Greetings Group, I'm running 7.1. Basically, my question is this: how do I delete an exact dup without deleting the original? Let me explain... I just accidentally ran a restore on my perfectly running database. When I originally made the dump file, I had OIDs turned on. I figured they were unique. Now, after the restore is done, I see that they are not. So now I have duplicate entries in a large table. They are duplicate all the way down to the OIDs! I was stupid enough not to set a unique key field for this table when I designed it, so the system accepted the "new" entries with the exact same OIDs as already existed. However, almost all of my other tables do have unique keys set, so the dups were rejected. Check out my stupidity: # SELECT oid, sender, length(text), date_submitted FROM comm ORDER BY sender, date_submitted LIMIT 20; oid | sender | length | date_submitted -------+--------+--------+------------------------ 61385 | 132 | 2179 | 2001-02-23 16:43:00-08 61385 | 132 | 2179 | 2001-02-23 16:43:00-08 61386 | 132 | 1313 | 2001-02-25 17:40:00-08 52234 | 154 | 2073 | 2001-05-07 23:40:00-07 52234 | 154 | 2073 | 2001-05-07 23:40:00-07 49588 | 168 | 3063 | 2002-03-20 12:04:00-08 49588 | 168 | 3063 | 2002-03-20 12:04:00-08 49592 | 168 | 5243 | 2002-03-26 10:54:00-08 49592 | 168 | 5243 | 2002-03-26 10:54:00-08 49801 | 188 | 1010 | 2000-08-22 12:30:00-07 49801 | 188 | 1010 | 2000-08-22 12:30:00-07 49802 | 188 | 307 | 2000-08-22 12:37:00-07 49802 | 188 | 307 | 2000-08-22 12:37:00-07 49803 | 188 | 1790 | 2000-08-22 12:39:00-07 49803 | 188 | 1790 | 2000-08-22 12:39:00-07 49804 | 188 | 531 | 2000-08-22 12:41:00-07 49804 | 188 | 531 | 2000-08-22 12:41:00-07 49805 | 188 | 4700 | 2000-08-22 12:45:00-07 49805 | 188 | 4700 | 2000-08-22 12:45:00-07 49809 | 188 | 2855 | 2000-08-22 12:47:00-07 (20 rows) The 'sender' field, plus the 'date_submitted' field are used as "the key" for each entry. If you're sharp, you'll notice that for 'sender' 132, there are three total, one dup. This is because I tried to delete one of the dups. This was a mistake, as BOTH were deleted. I re-added it again from the dump file manually (boy, that was really not fun). So, once again, here's my question: how do I go about deleting the duplicate entries WITHOUT also deleting the originals?

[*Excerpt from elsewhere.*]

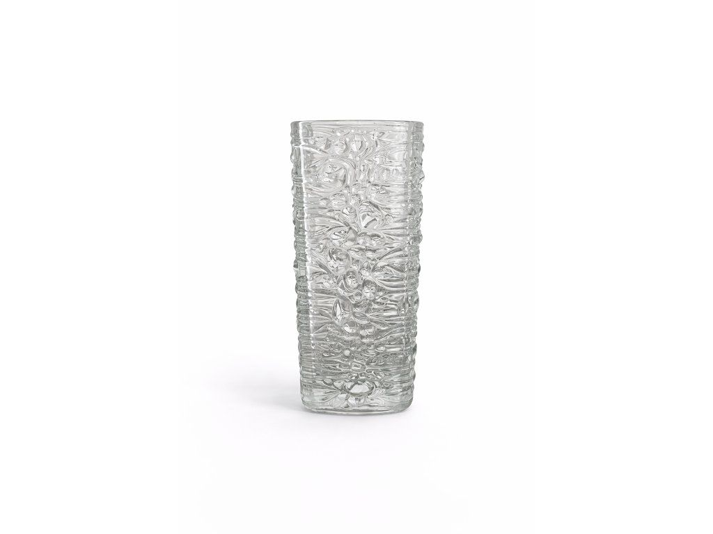 Krásná váza z lisovaného skla dle autorského návrhu Františka Pečeného, sklárna Heřmanova huť, r. 1968. Výška 21 cm. Top stav.

On Sun, 5 Jan 2003, Jack Flak wrote: > So, once again, here's my question: how do I go about deleting the > duplicate entries WITHOUT also deleting the originals? Maybe a dump with some awk/perl magic followed by a restore might be the easiest way. :-( "pg_dump -a -D" might give output that is fairly amenable to munging; a bit of text editing followed by sort | uniq might even do it. -- David.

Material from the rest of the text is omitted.